But really who is the target group here, it is not those who allready have SB-E, it must be those who is in the market for this segment but havent allready gotten the product yet(sb-e).
Maybe 'naive/not feeling the market', but I imagine that is a rather small segment.

I would bet you >95% of LGA2011 (desktop) buyers would be just as good of with LGA1155. But that never stopped anyone from spending money.
 
Yea, but we are only talking the E part here, right? .. 6 cores. For a second there I thought i missed something.
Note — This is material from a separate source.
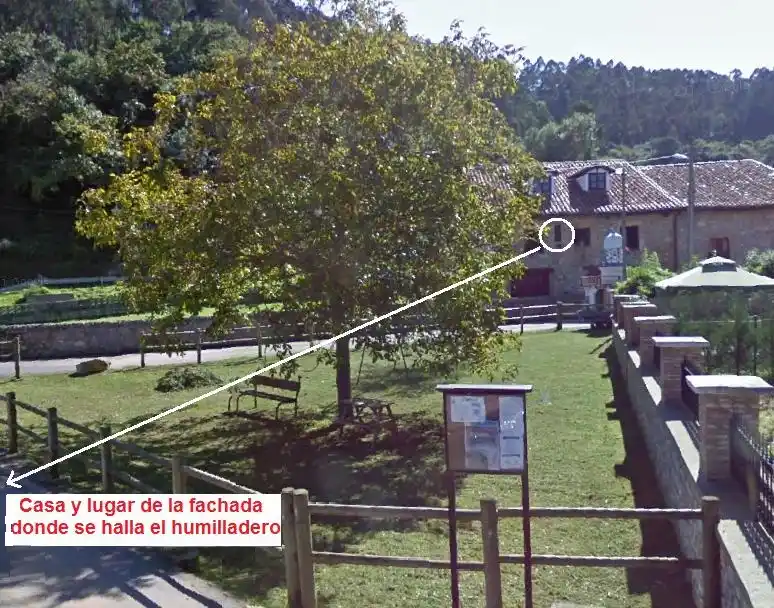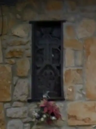 Cruz y ánimas purgantes en figura (aparentemente metálica) incrustada en edificio.

Its 6 and 10 cores. Same as the current SB ones so to say. You got a 4 and 8 variant. The 4 core SB-E is actually only 4 cores. And the 6 cores got 2 cores disabled due to TDP limits with the desired clockspeed.

So there is an option that you might see 8 cores within the desired speed with IB-E.
 
I would bet you >95% of LGA2011 (desktop) buyers would be just as good of with LGA1155. But that never stopped anyone from spending money.

While sad, that makes sense, it is more about the marketing dept. than anything else: Look, new shiny numbers.. been with us ever since the GHz race.


edit : "So there is an option that you might see 8 cores within the desired speed with IB-E. "
- Well that IS good news then.. given an 8 core IB-E down the road, some SB-E owners might just have an upgrade path.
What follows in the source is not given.